Die Geschichte des Chachachá (Stepa) im sowjetischen Union stellt ein beeindruckendes Beispiel einer komplexen Anpassung eines westlichen kulturellen Phänomens an die Realitäten des sowjetischen ideologischen Systems dar. Entstanden als Symbol der amerikanischen Massenkultur, wurde der Tanz gezwungen, den Weg von einem verdächtigen «bourgeoisien» Kunst bis zu einem anerkannten, wenn auch streng regulierten, Genre der Unterhaltungsmusik zu gehen. Seine Evolution spiegelt die Schlüsselphasen der sowjetischen Kulturpolitik wider: von der Isolation der 1930er und 1940er Jahre über die «Abkühlung» bis hin zur Stylisierung der Ära des Stagnats.
Die ersten Kontakte der sowjetischen Öffentlichkeit mit dem Chachachá erfolgten Ende der 1920er bis Anfang der 1930er Jahre durch Stummfilm und später Tonfilm. Filme mit Fred Astaire und den Nicholas Brothers zeigten eine Technik, die die Zuschauer durch ihre Virtuosität beeindruckte. Allerdings war die offizielle Kulturpolitik skeptisch. Im Rahmen des Kampfes gegen «Kosmopolitismus» und Niedergeschlagenheit vor dem Westen wurde der Step als Ausdruck der «bourgeoisien Freiheit» und «unsozialistischen» Ästhetik wahrgenommen.

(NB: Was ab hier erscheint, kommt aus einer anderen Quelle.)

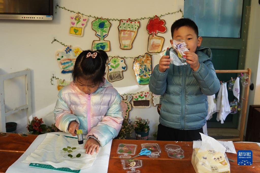 11月24日,小朋友在上海市實(shí)驗幼兒園的“田園中心”采摘植物、制作標本。

Trotzdem entstanden spontane Begeisterungen. Einige Enthusiasten wie Alexander Tsarman, einer der ersten professionellen Stepist, versuchten, die Richtung zu entwickeln, indem sie nach seltenen Filmen und Beschreibungen die Technik studierten. Bis zum Krieg blieb der Step jedoch ein marginaler, halb-geheimer Leidenschaft, die nicht in das Repertoire staatlicher Kollektive aufgenommen wurde.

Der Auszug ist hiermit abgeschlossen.